**Task goal**
Without the pictures, give the records again exactly as they appear.

**Input for this task**
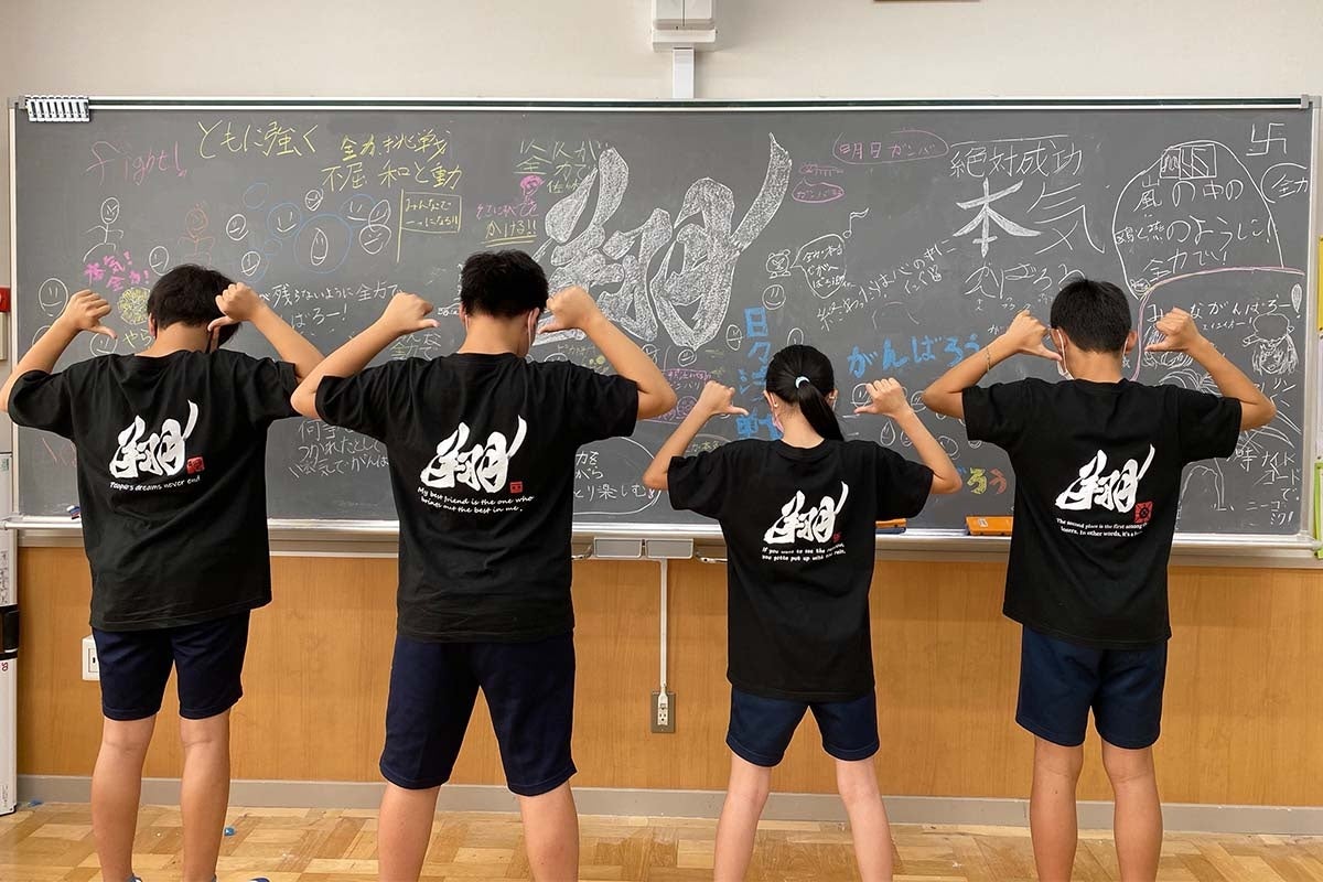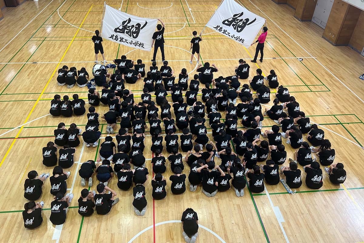 早速、10月に実施された運動会でオリジナルTシャツを着ていただきました。今後は秋の登山でも着用予定です。おそろいの漢字+自分たちのオリジナルデザインでつくった学年Tシャツが、児童たちの最終学年を彩ることを願っています!
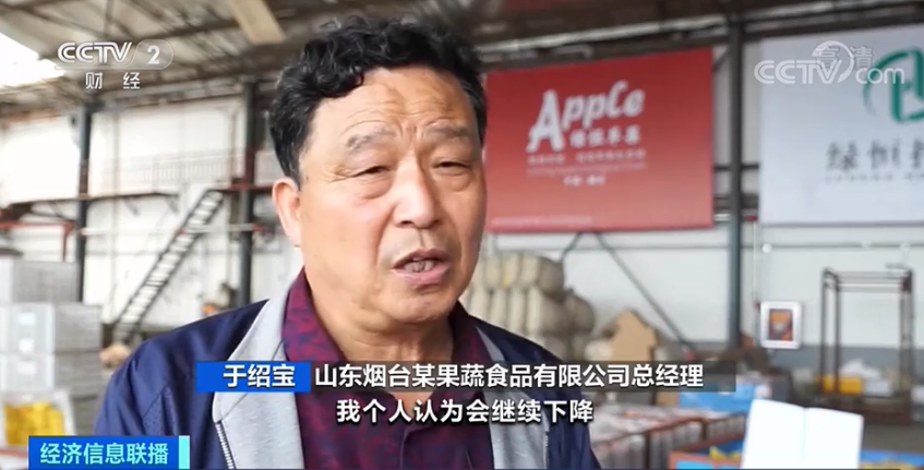 山东烟台某果蔬食品有限公司总经理 于绍宝:五月份是销售苹果的好时间。其他南方水果少,到了六月份特别端午节之前这是一个小高峰。过了端午节以后销售量,我个人认为会继续下降,量会降。
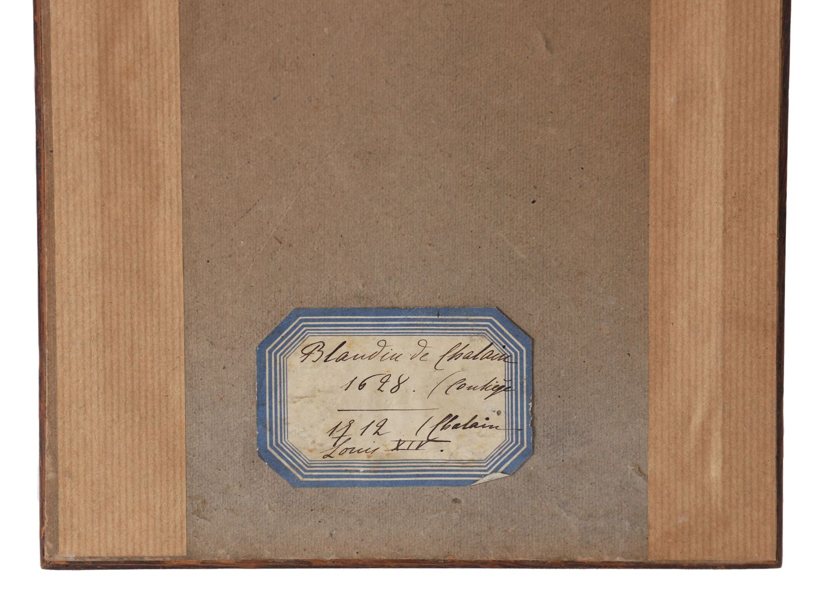 Framed armorial crest featuring the Blandin de Chalain coat of arms, painted with supporters and coronet, presented with provenance notes relating to Château Chalain. This heraldic presentation is of genealogical and decorative interest.
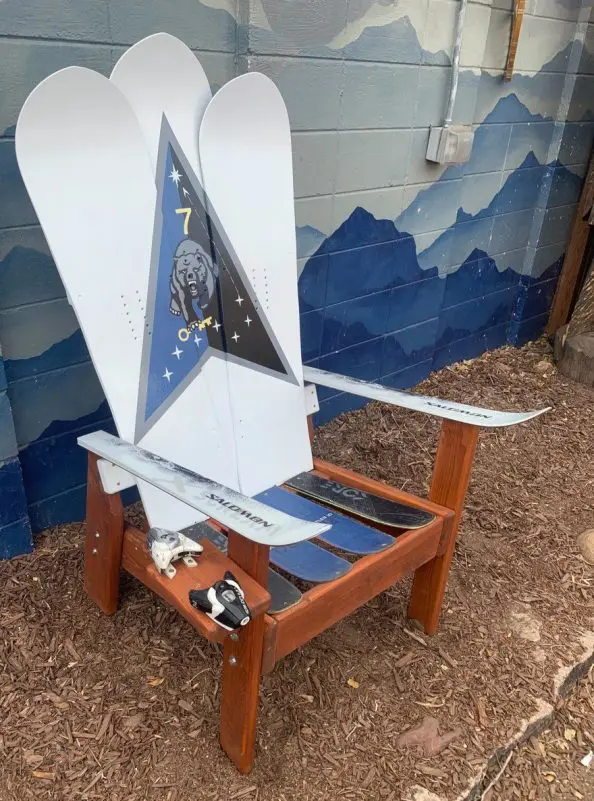 - Constructed in Colorado from retired skis on a sturdy Douglas Fir base. All chairs include a custom ski binding cup holder. Big enough for a stein.
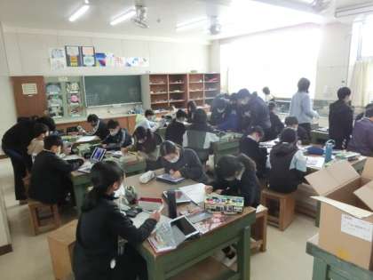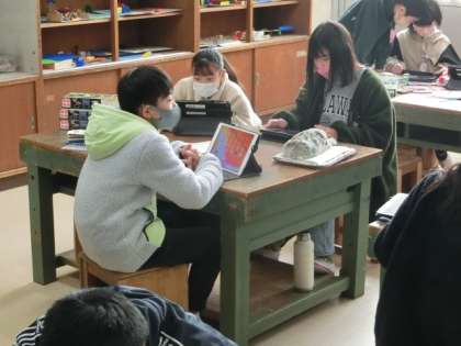 芯材をベースに、作品を作ります。そのために、計画を考えています。タブレットでヒントを探している子もいます。
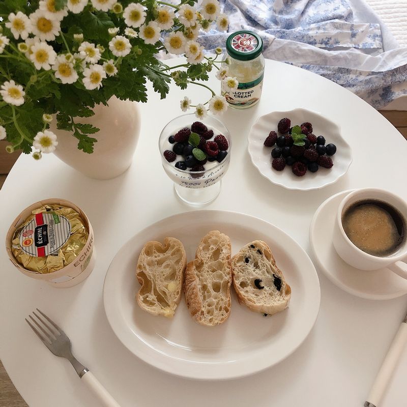 한달 기다려야 받을 수 있는 유동부 치아바타와 산딸기 그릭요거트, 아메리카노로 소소하게 차린 주말 브런치🍽🌷 #브런치 #홈카페 #치아바타 #커피 #그릭요거트 #간식
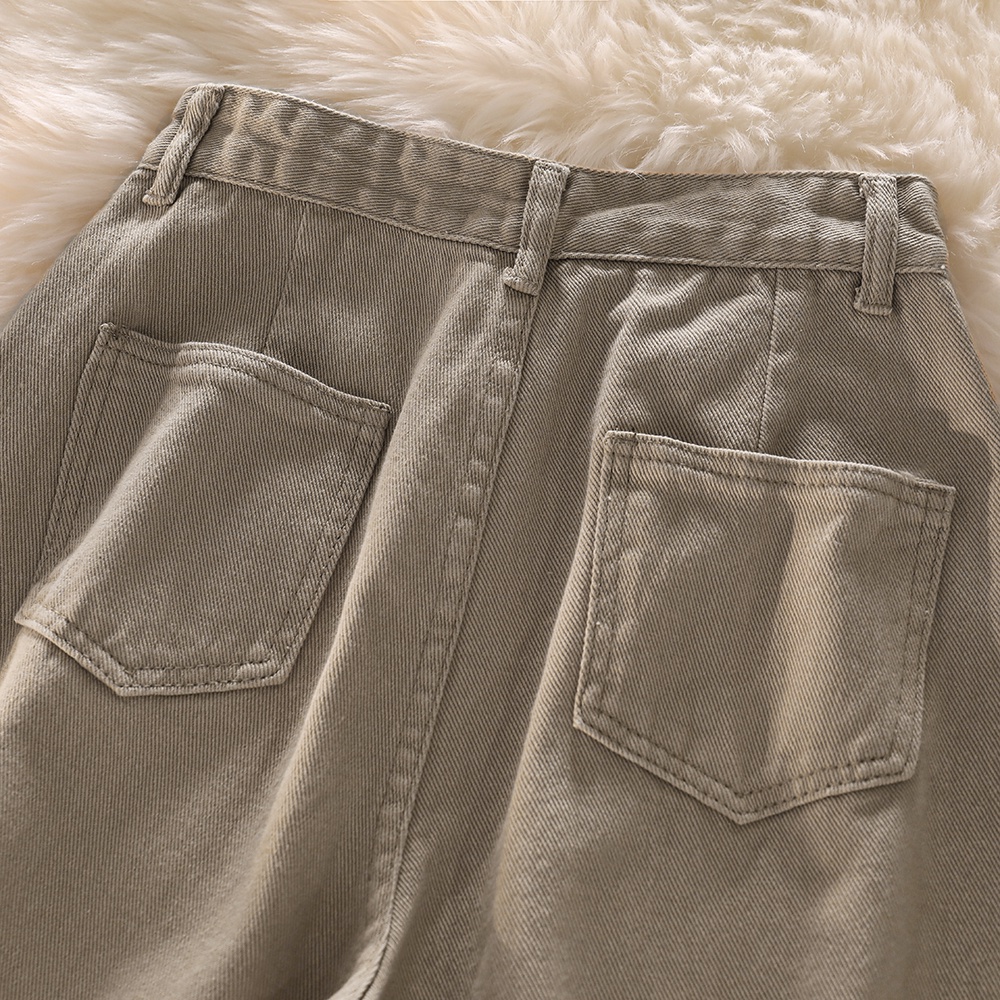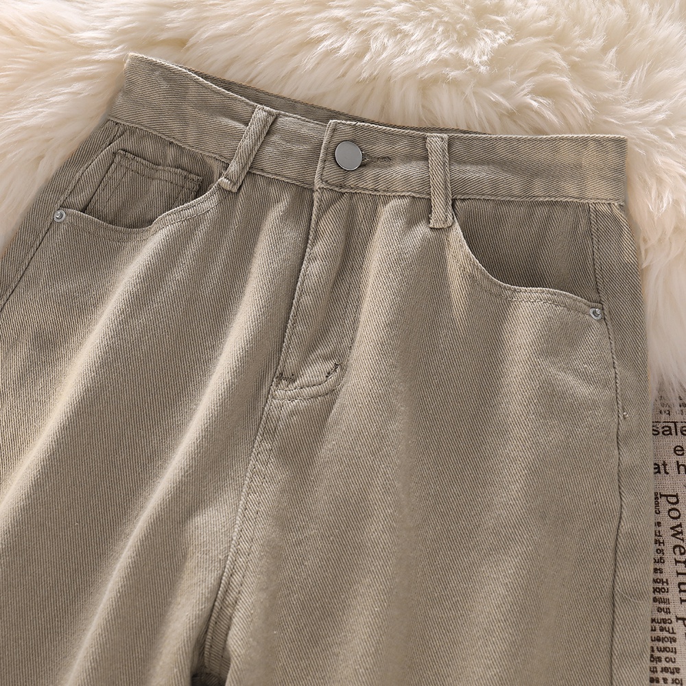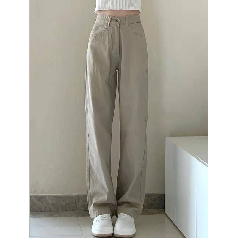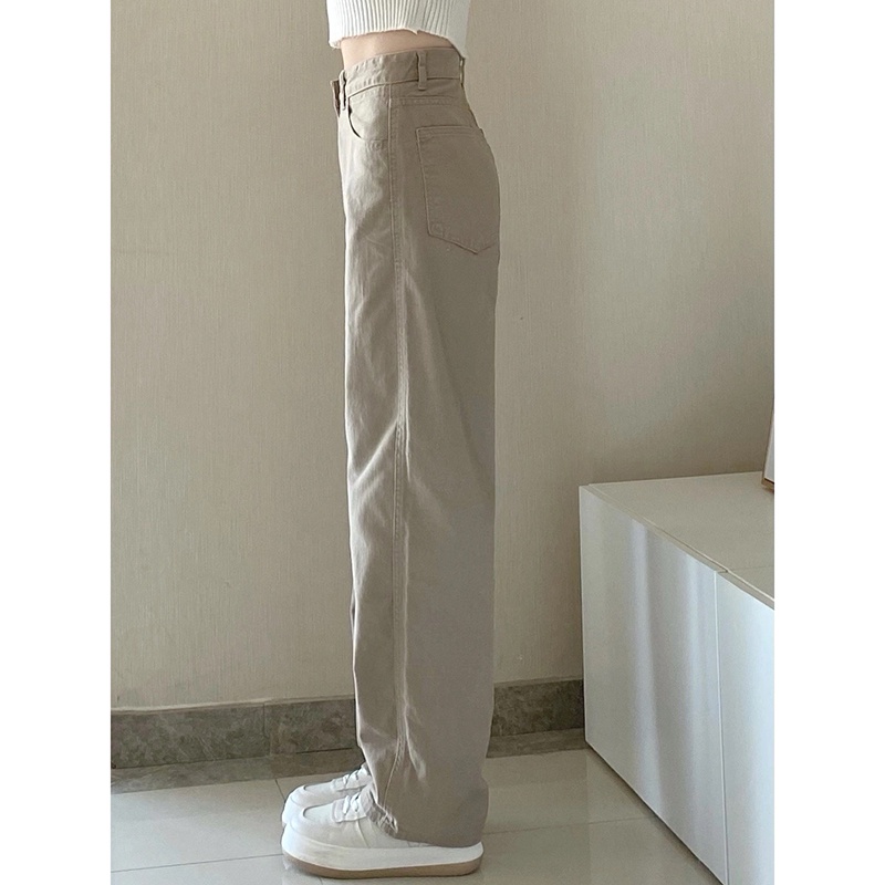 Warna Khaki Highwaist Loose Kasual Celana Jeans Panjang Wanita

**Your solution**
 早速、10月に実施された運動会でオリジナルTシャツを着ていただきました。今後は秋の登山でも着用予定です。おそろいの漢字+自分たちのオリジナルデザインでつくった学年Tシャツが、児童たちの最終学年を彩ることを願っています!
 山东烟台某果蔬食品有限公司总经理 于绍宝:五月份是销售苹果的好时间。其他南方水果少,到了六月份特别端午节之前这是一个小高峰。过了端午节以后销售量,我个人认为会继续下降,量会降。
 Framed armorial crest featuring the Blandin de Chalain coat of arms, painted with supporters and coronet, presented with provenance notes relating to Château Chalain. This heraldic presentation is of genealogical and decorative interest.
 - Constructed in Colorado from retired skis on a sturdy Douglas Fir base. All chairs include a custom ski binding cup holder. Big enough for a stein.
 芯材をベースに、作品を作ります。そのために、計画を考えています。タブレットでヒントを探している子もいます。
 한달 기다려야 받을 수 있는 유동부 치아바타와 산딸기 그릭요거트, 아메리카노로 소소하게 차린 주말 브런치🍽🌷 #브런치 #홈카페 #치아바타 #커피 #그릭요거트 #간식
 Warna Khaki Highwaist Loose Kasual Celana Jeans Panjang Wanita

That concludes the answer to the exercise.